I am having trouble figuring out where to start with this one.
Biologists stocked a lake with 40 fish and estimated the carrying capacity (the maximal population for the fish of that species in that lake) to be 300.
(a) Assume that the number of fish P(t) after t years grows according to the logistic equation
dP/dt = P(a − bP) = bP(a/b − P)
Here, according to Section 2.15 of the course notes, a/b is the carrying ca-pacity of the lake. Find the solution of this DE (with the given initial value at t = 0) as a separable equation. Your solution formula will contain b as an unknown parameter.
The logistic function is
y = a/(1+be^(-kx))
y(∞) = 300
==> a = 300
y(0) = 40
==> 300/(1+b) = 40
b = 15/2
The k just affects how slowly the population approaches the final value. See
http://www.wolframalpha.com/input/?i=plot+y%3D300%2F(1%2B7.5e%5E-x),+y%3D300%2F(1%2B7.5e%5E(-2x))+for+-5+%3C%3D+x+%3C%3D+5
To find the solution of the differential equation, we need to solve it as a separable equation. The given logistic equation is:
dP/dt = P(a - bP)
To solve this equation as a separable equation, we need to separate the variables and integrate both sides.
First, we rewrite the equation in a more convenient form:
dP/(P(a - bP)) = dt
Next, we separate the variables by moving the P terms to one side and the t terms to the other side:
dP/(P(a - bP)) = dt
1/(P(a - bP)) * dP = dt
Now, we can integrate both sides.

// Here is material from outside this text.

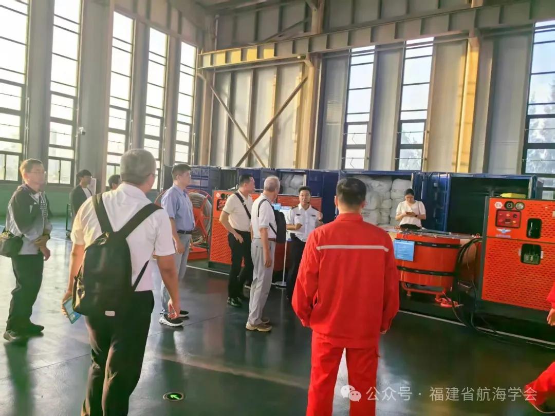 10月17日下午,研讨会按既定议程组织台湾地区代表赴福清开展实地考察。在江阴港区的万华化学福建码头有限公司,代表们详细观摩了化学品码头的现代化管理系统,深入了解智能化技术在危化品存储、运输全流程监管中的应用;在福州船舶溢油应急设备库,大家近距离接触各类海洋溢油应急处置科技产品,直观感受大陆在船舶污染应急保障领域的技术实力与储备水平。实地考察让两岸代表的交流从“理论”走向“实践”,进一步加深了对彼此技术应用场景的认知。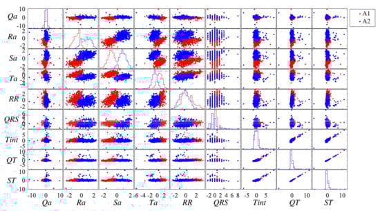 As mentioned in the previous section, two states were analyzed in this study (A1 in the morning and A2 in the evening). All parameter data were normalized by subtracting means and dividing by the standard deviation. This type of data normalization is needed to eliminate differences in individual heart rate characteristics of each person. For example, some participants may have higher (or lower) ECG signal amplitude values compared to others in both states (in the morning and in the evening), which may affect classification results, indicating fatigued state in both datasets. Furthermore, normalization increases data integrity without distorting differences in the ranges of values. The distribution and scatter plots are shown in Figure 3. Pearson correlation coefficients are presented in Figure 4 (Y represents the state: a value of 1 corresponds to the fatigued condition or state (A2), and a value of 0 corresponds to the fatigue-free condition of state (A1)). Comparing data from different states, clear differences could be noticed. For example, histograms of the Sa parameter look similar, but A2 data are shifted, with higher values compared to state A1 values (see Figure 3). Furthermore, some ECG signal parameter values overlap. For example, there is no significant difference between states A1 and A2 in terms of RR interval values. Therefore, typical HRV analysis fails in mental fatigue detection, with low classification accuracies.

On the left side, we use partial fractions to integrate:
∫(1/(P(a - bP))) dP = ∫dt
To find the partial fractions, we need to decompose the P terms in the denominator:
1/(P(a - bP)) = A/P + B/(a - bP)
Multiplying both sides by P(a - bP), we get:
1 = A(a - bP) + BP
Expanding the right side:
1 = Aa - AbP + BP
Now, we match coefficients of the same powers of P:
0P: 0 = -Ab + B
1P: 0 = A
From the equation -Ab + B = 0, we can solve for A:
B = Ab
Substituting the value of B into the equation 0 = A, we get:
0 = A(a - bP)
Since a - bP is not zero (given in the question statement), then A must be zero:
A = 0
Therefore:
1/(P(a - bP)) = B/(a - bP)
Going back to the integral equation:
∫(1/(P(a - bP))) dP = ∫dt
We can now integrate both sides:
∫(B/(a - bP)) dP = ∫dt
B∫(1/(a - bP)) dP = ∫dt
Evaluating the integrals:
B * (-1/b) * ln|a - bP| = t + C
Multiplying both sides by -b:
B * ln|a - bP| = -bt - bC
Taking the exponent of both sides:
|a - bP|^B = e^(-bt - bC)
Since ln|a - bP| could be positive or negative, we remove the absolute value sign and consider two cases:
Case 1: a - bP > 0
a - bP = e^(-bt - bC)
Case 2: a - bP < 0
-(a - bP) = e^(-bt - bC)
Now, we can solve for P in each case:
Case 1: a - bP = e^(-bt - bC)
a - bP = Ce^(-bt)
Solving for P:
P = (a - Ce^(-bt))/b
Case 2: -(a - bP) = e^(-bt - bC)
a - bP = -Ce^(-bt)
Solving for P:
P = (a + Ce^(-bt))/b
Therefore, the solution of the differential equation (dP/dt = P(a - bP)) in separable form with the given initial value at t = 0 is:
P(t) = (a - Ce^(-bt))/b for a - bP > 0
P(t) = (a + Ce^(-bt))/b for a - bP < 0
Where C is a constant determined by the initial condition.